People talking about AI today are focused on new things: bigger models, longer contexts, more human-like responses.

However, in a podcast on March 11, 2026, Google DeepMind discussed the match from 10 years ago when AlphaGo defeated Lee Sedol. They called that moment the "key pivot point" of AI.

Why that match?

In that game, there was one move that changed people's understanding of AI. It made us realize for the first time: AI isn't just about learning from humans; it might forge paths that humans have never taken. And this ability, once it leaves the chessboard, could change more than just Go.

To understand why that move was so important, we first need to go back to a question from that time: Why was Go long considered one of the most difficult challenges for AI?

In the podcast, Thore Graepel, a core architect of AlphaGo, recalled that Go was seen by AI researchers as almost the perfect challenge.

The reason isn't complicated: the rules of the Go game are very simple, but once the game begins, the situation rapidly becomes extremely complex. Every seemingly ordinary stone placed on the board could have a cascading effect dozens of moves later. And these effects are often extremely difficult to foresee.

When comparing board games, many think of chess. Back in 1997, IBM's Deep Blue defeated world champion Garry Kasparov. At the time, many thought machines would soon achieve a similar breakthrough in Go.

But the outcome for Go was completely different.

From a computational perspective, the complexity of Go far exceeds that of chess. In chess, a game typically requires considering about sixty or seventy moves, whereas a Go game often lasts two to three hundred moves, with a vast number of possible placements at each step. This means the number of possible variations in a game grows exponentially, exceeding the limits of what traditional computational methods can exhaustively calculate.

Pushmeet Kohli, Head of AI for Science at DeepMind, explained this difference in the podcast. The difficulty of Go isn't just the multitude of possible moves; more critically, the game is long, requiring continuous reasoning through layers of variation.

For a machine, this means needing to find a reasonable path within an unimaginably vast space.

When human players face this complexity, they have their own way of coping. They don't calculate all possible variations; instead, they rely on experience and intuition to first filter out directions that "seem promising," and then conduct further analysis.

The problem was that early AI didn't possess this ability.

Traditional AI methods relied on massive computation, trying different moves repeatedly to find better outcomes, but they quickly hit a bottleneck with a complex problem like Go. So for a long time, Go was considered a major hurdle in the AI field, because it tested not only computational power but also the kind of intuition humans possess.

When DeepMind began researching Go, they attempted to combine these two ways of thinking. On one hand, they used deep learning to learn which move directions "seemed promising" in a game state. On the other hand, they used computational methods to simulate possible subsequent variations.

In other words, the machine needed to be able to quickly identify the general direction, as well as delve deeper into analysis during critical situations. This approach gave researchers the first glimpse of a potential breakthrough.

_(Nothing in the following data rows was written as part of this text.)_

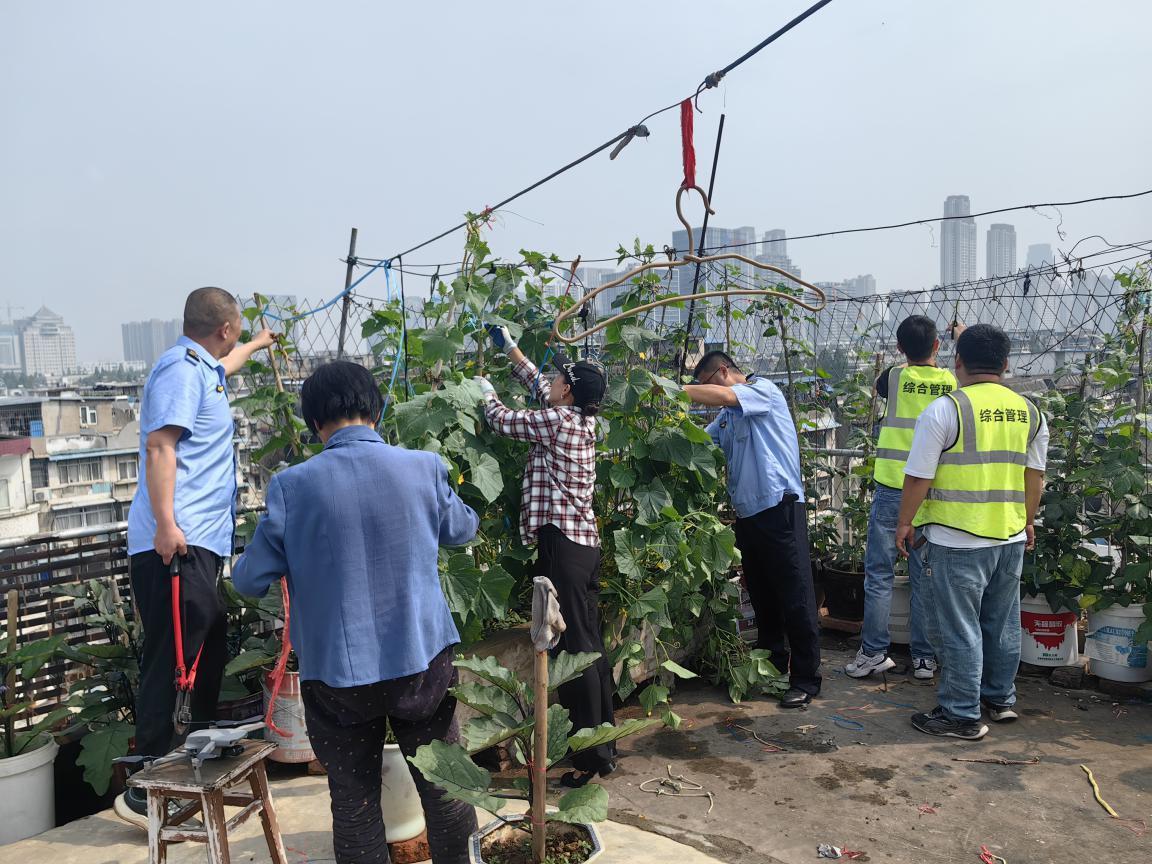 整治过程中,执法中心统筹协调,社区网格员逐户宣传政策,物业全力配合清运,形成“排查——劝导——整改——巩固”闭环机制。针对部分居民抵触情绪,工作人员耐心讲解法规、细化整改方案,既坚守原则又彰显温度。居民说:“以前楼顶堆满杂物,夏天异味大还招蚊虫,现在清理干净了,家里都敞亮了!”
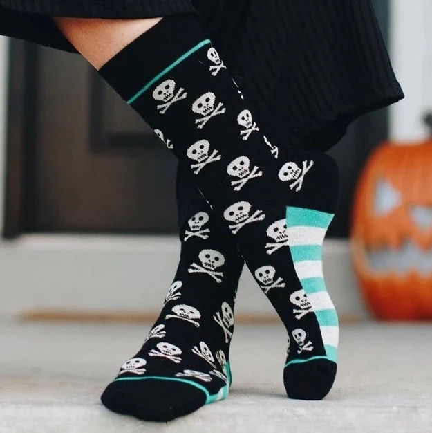 Ahoy, me hearties! Go ahead and Fly the Jolly Roger and take charge of your day! Each pair of socks is made with high quality woven cotton that feels soft and luxurious and features extra padding in the seamless toes and heels to make your feet extra happy.
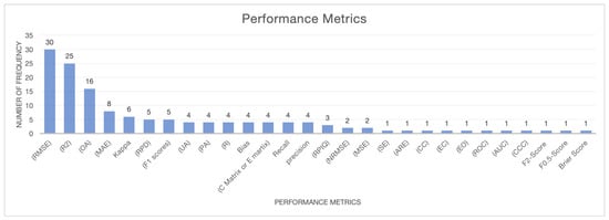 - Performance: Machine learning performance metrics serve as quantitative measures to assess model accuracy and effectiveness across classification, regression, or clustering tasks. Each article’s specific performance metrics and the best results are summarized in a table or presented as final values in the appendix.
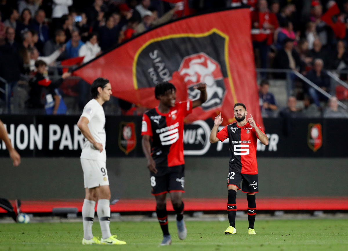 Sunday's victory marked Rennes' fifth Ligue 1 win against the Parisians in the last 10 years, more than any other club. They also beat the Parisians in last season's French Cup final.
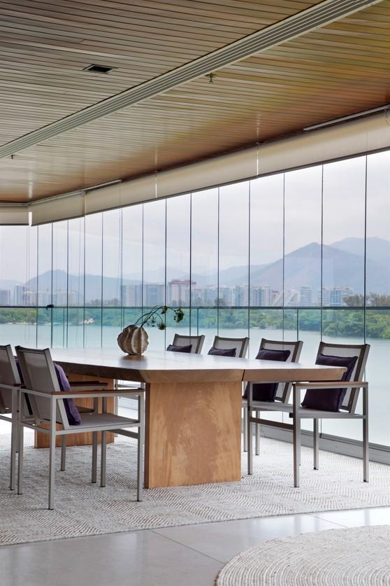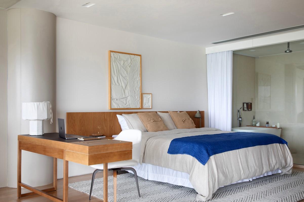 O quarto do casal e o banheiro se integram com essa vista exuberante da lagoa de Marapendi. A mesa redonda da varanda serve de escritório e em dia de festas apoio para refeições. Nesse ambiente mais uma vez tons neutros, madeira e pinceladas de azul. O banheiro pode ser fechado com cortinas de gaze de linho branco.
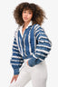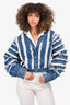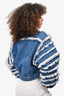 Pre-Loved Chanel™ Blue/White Denim/Silk Ruffle Detail Jacket Size 38
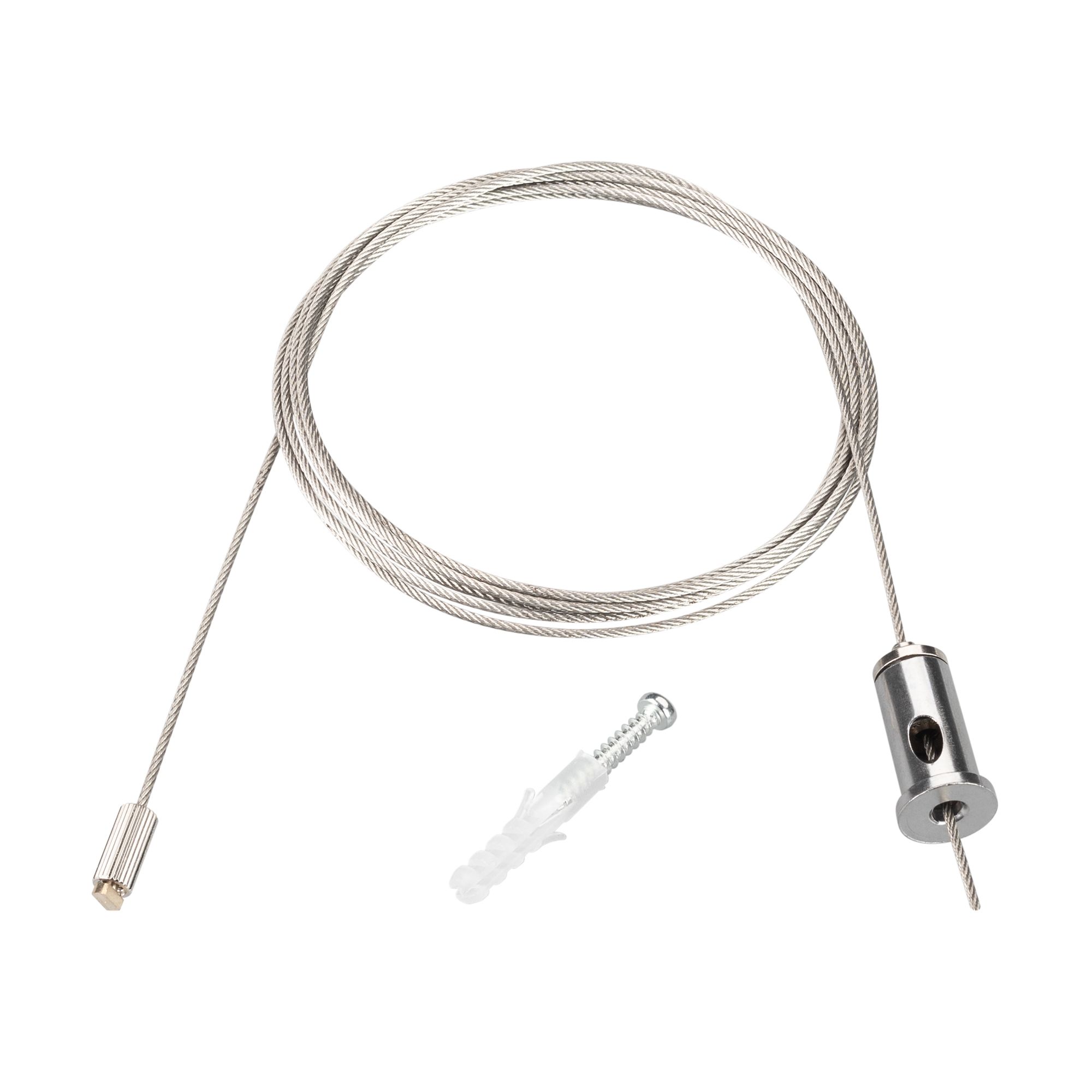 Подвес для профиля ROUND-D20. Цвет - серебристый. В комплекте: трос 2 м - 1 шт., шуруп с дюбелем - 1 шт. Максимальная нагрузка на 1 трос 10 кг. Цена за комплект из одного троса.
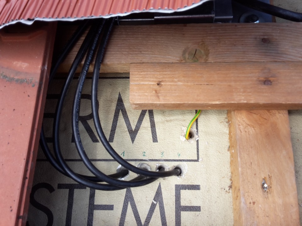 5x UV-beständige Koaxkabel von Quattro-LNB + terrestrischer UKW-Antenne nach innen bis auf den "Mast-nahen Potentialausgleich" (
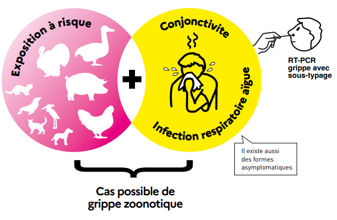 Santé publique France a mis en place une conduite à tenir en cas de suspicion de grippe aviaire ou porcine, prenant en compte les recommandations émises par le Haut Conseil de la Santé Publique dans avis du 16 mai 2025 et les dernières informations cliniques, virologiques et épidémiologiques disponibles sur la situation internationale en lien avec les virus influenza à potentiel zoonotique.
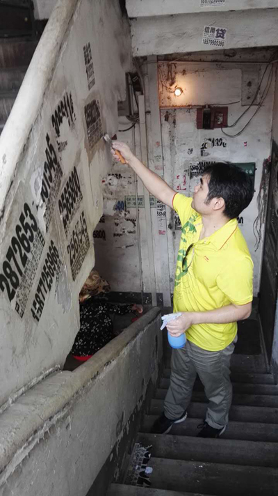 市方志办在职党员在刮除小广告
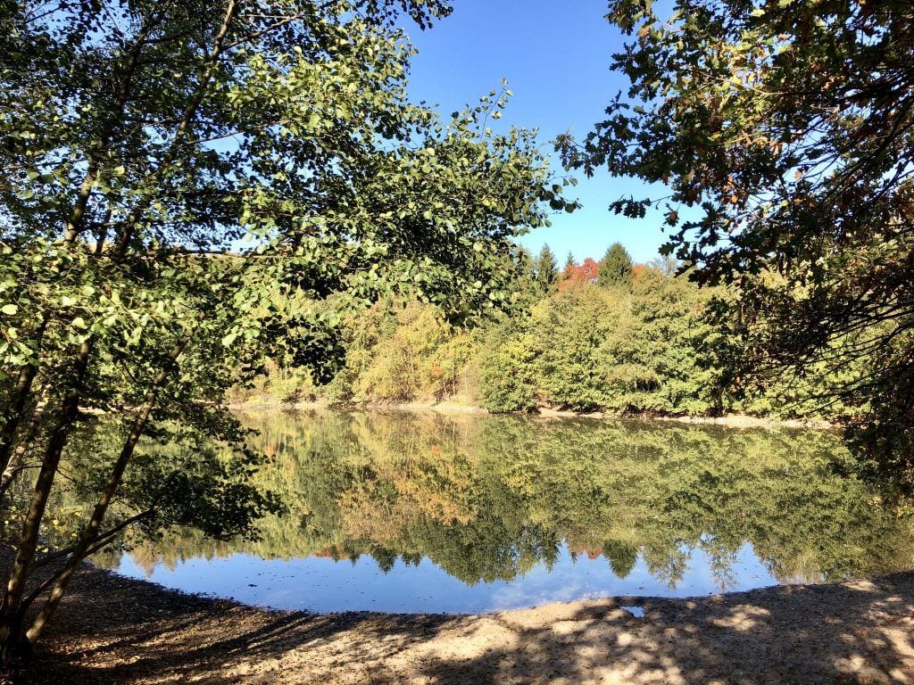 Dort geht´s durch einen schönen Laubwald westwärts, um nach einiger Zeit nordwärts einzudrehen und das kleinen Flüsschen „Bilsbek“ zu überqueren. Idyllisch ist es kurz darauf auch am kleinen Waldsee, an dessen Ufer man gut rasten kann.
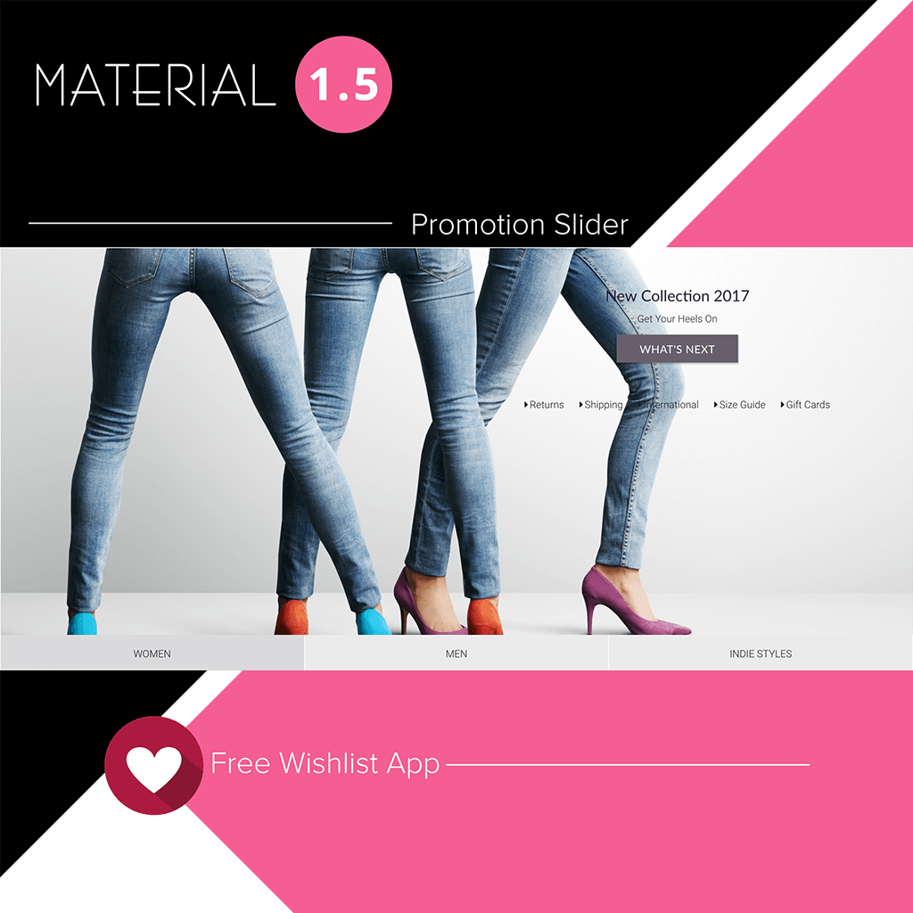 - NEW FEATURE: Added RoarTheme Wishlist App. - NEW FEATURE: Promotion Slider. - NEW FEATURE: Color Swatches for Product Items. - NEW FEATURE: In product page, thumbnail images can be displayed in slider. - Other minor bug fixes and improvements.
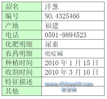 可為每一個地塊或一個品種設(shè)定一個標簽,對該地塊或該品種蔬菜從種植到打包實施的整個過程中的必要信息通過讀入或輸入設(shè)備進行及時初始信息的錄入,如蔬菜品種、生長時間、噴施農(nóng)藥的名稱及次數(shù),使用的化肥、收割時間等,甚至包括該品種的特點描述,根據(jù)農(nóng)產(chǎn)品編碼標準,對每一類蔬菜設(shè)置一個編號作為其身份的唯一標識。這樣在該品種蔬菜完成供應(yīng)鏈的第一個環(huán)節(jié)時,該電子標簽已經(jīng)存儲了其所有基本信息。當(dāng)收購企業(yè)對任何一個地塊的蔬菜品種收購時,通過采用數(shù)據(jù)采集器對農(nóng)產(chǎn)品以及農(nóng)產(chǎn)品進行信息采集,不僅加快了收購速度,降低了出錯率,而且為農(nóng)產(chǎn)品加工企業(yè)提供了POS系統(tǒng)、EDI(電子通關(guān)系統(tǒng))、藥物殘留測試系統(tǒng)、電子商務(wù)等系統(tǒng)的基礎(chǔ)數(shù)據(jù),為產(chǎn)品溯源提供源頭數(shù)據(jù)。以某地某種植基地的洋蔥為例,其電子標簽包含的內(nèi)容如圖

If we only look at the match result, AlphaGo's 4-1 victory over Lee Sedol might be interpreted as a technological advancement.

But what people truly remember is move 37 in the second game. Professional player Michael Redmond, commenting at the time, initially thought there was a recording error. He picked up a stone and put it down again, because according to traditional Go theory, this move was not in a position a human player would seriously consider.

Later, when the DeepMind team recalled this moment, they mentioned a detail: according to statistics from historical human player game records within AlphaGo's model, the probability of such a move occurring was only one in ten thousand.

As the game continued, many placements that initially seemed unreasonable began to slowly reveal their effect. Dozens of moves later, people gradually realized this wasn't just a random attempt, but a strategy different from conventional thinking. It changed the balance of power distribution on the board and also shifted both players' understanding of the relationship between territory and influence.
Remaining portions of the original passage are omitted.